Former Kaduna State Governor, Malam Nasir El-Rufai, has officially broken his silence regarding the 2019 abduction of social media critic and lecturer Abubakar Idris, popularly known as Dadiyata.
Speaking during an interview on Arise News, El-Rufai dismissed long-standing allegations linking his administration to the disappearance, instead suggesting the trail leads directly to political actors and security forces from Kano State.
“Dadiyata’s timeline is still around, go and study it,” El-Rufai said. “He was not a fierce critic of the Kaduna State Government; he was a fierce critic of the Kano State Government. It was Ganduje that was his problem.” Dadiyata, a 34-year-old lecturer in the Department of English and Linguistics at Federal University Dutsinma, Katsina State, was abducted on August 2, 2019. Masked men intercepted him as he drove into his compound in Barnawa, Kaduna, taking him away in his own vehicle.
For over seven years, his whereabouts remain unknown.
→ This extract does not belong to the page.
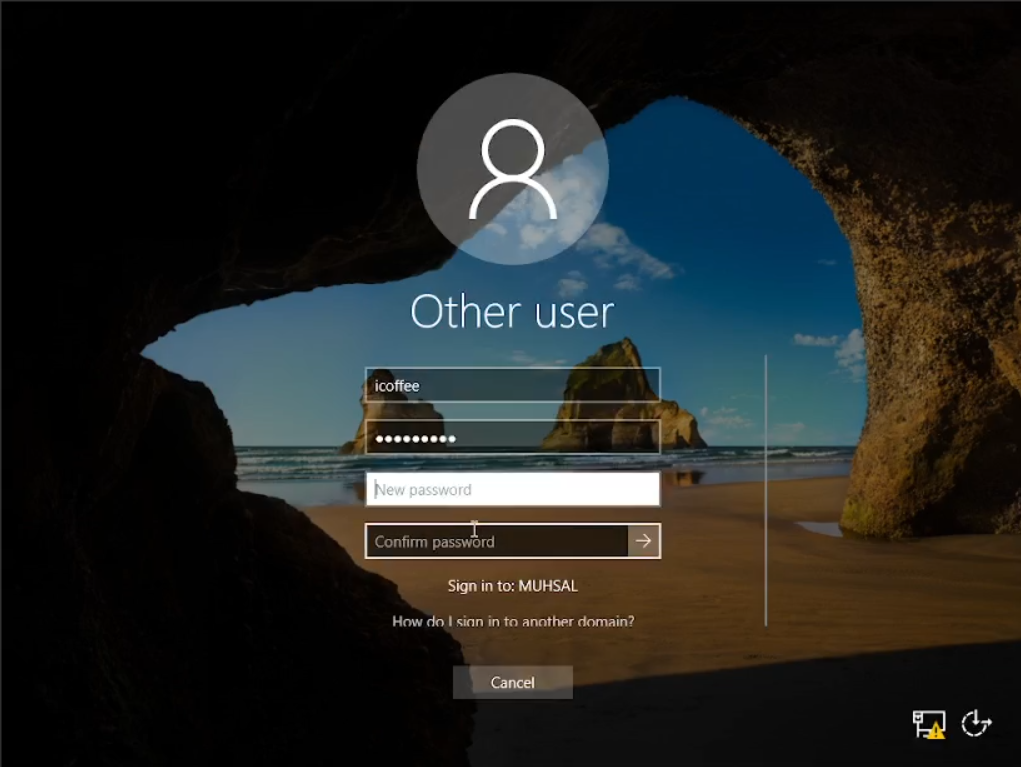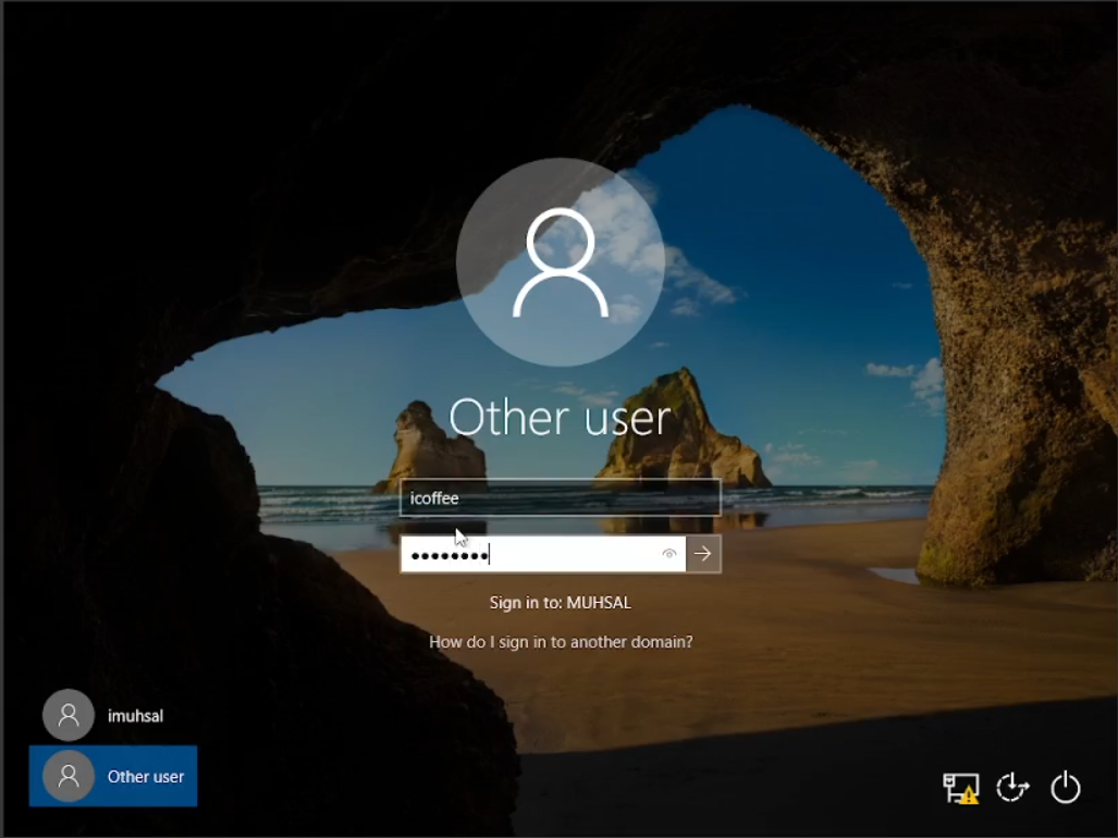 Bisa dilihat saya sebelumnya bisa masuk menggunakan user sebagai imuhsal terlihat dari kiri bawah. Selanjutnya saya akan login menggunakan nama yang ada di file “names2” yaitu icoffee. Ketika kita login menggunakan user icoffee kita diharuskan untuk mengganti password dengan yang baru. Sehingga hanya kita sendiri saja yang mengetahuinya sebagai user, meskipun kita sebagai admin, etikanya kita tetap tidak boleh mengetahui password para user yang lain. Dan tentu gunakan password yang bagus seperti kombinasi huruf besar kecil, angka dan juga simbol. Oiya dan jangan lupa untuk cek apakah client atau user kita dapat terkoneksi internet atau tidak. Dengan menggunakan “cmd” ketikkan saja “Ping google.com”

No conclusive investigation findings have been released, and no group has claimed responsibility for his disappearance. The former governor, now an opposition figure in the African Democratic Congress, claimed he was unaware of Dadiyata until after the abduction was reported to police.
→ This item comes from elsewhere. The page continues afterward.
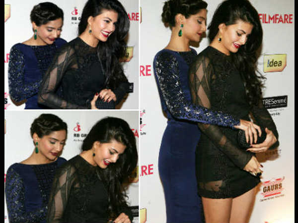 ફિલ્મફેર અવાર્ડ દરમિયાન જૅકલીન ફર્નાન્ડીઝને તેના કપડામાં કૈક તકલીફ પડી હતી. જેના માટે તેને સોનમ કપૂરની મદદ લેવી પડી હતી.
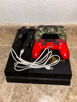 Consola PlayStation 4 con dos mandos. - Incluye consola negra. - Un mando de color rojo. - Un mando con diseño de camuflaje. -Todos Los Cables.

“We only got the report of Dadiyata’s existence and that he lived in Kaduna State after his family reported to the police that he was abducted,” El-Rufai explained. He added that investigations suggested the abductors came from Kano. “When we investigated, all that we could gather from his family was that the abductors came, took him, and they came from Kano.”
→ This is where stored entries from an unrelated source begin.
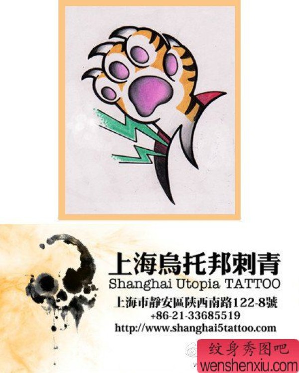 一张时尚的小虎爪纹身手稿
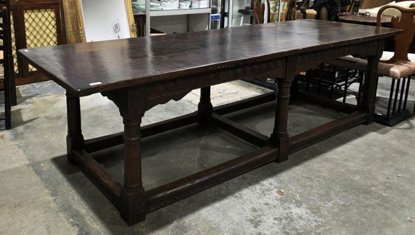 Large oak refectory-style dining table in the 17th century manner, the three-plank top on six turned gun barrel and block legs, united by square stretchers, lunette carved frieze, 77cm high x 283cm long x 91cm wide
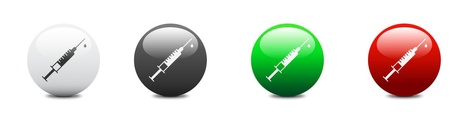 Syringe with drop on a round glossy button, and a shadow under it. Flat vector illustration. Pro Vector
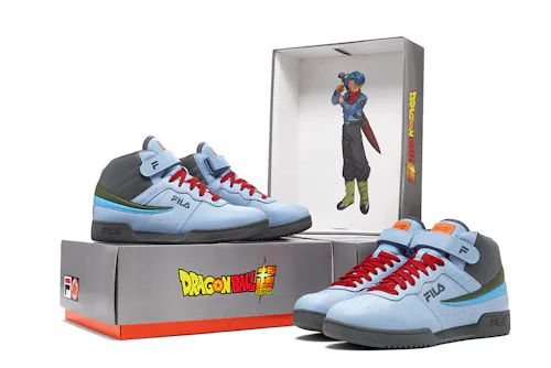 Trunks’ trademark denim jacket informs the F-13’s primarily blue makeup, with dark grey pulled from his pants and his red bandana represented on the laces. At first glance you may miss the green on FILA’s striping, which comes from Trunks’ powerful sword.
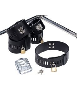 Note: Includes 7 bars to fit together, collar, wrist restraints, ankle restraints, dildo, 5 lock and key sets, and 5 connectors.

El-Rufai also revealed that three years after the incident, a police officer allegedly confessed to involvement. “A policeman that was posted out of Kano to Ekiti State confessed to someone that they were sent from Kano and they took the guy, they abducted Dadiyata, and he felt bad about it.” Dadiyata was a known social media activist. His family and human rights organizations have filed multiple lawsuits seeking his release or information about his whereabouts.
In 2020, a Federal High Court in Kaduna ordered security agencies, including the State Security Service, to produce or release him. The agencies denied holding him in custody. Amnesty International and other international watchdogs have classified the case as an enforced disappearance. Human rights groups have criticized the federal government for its “silence and lack of action” on the matter.
El-Rufai maintained that while Dadiyata lived in Kaduna, his administration could not have protected someone they didn’t know existed. “If anybody is to be asked questions about the disappearance of Dadiyata, it’s the Kano State Government,” he concluded.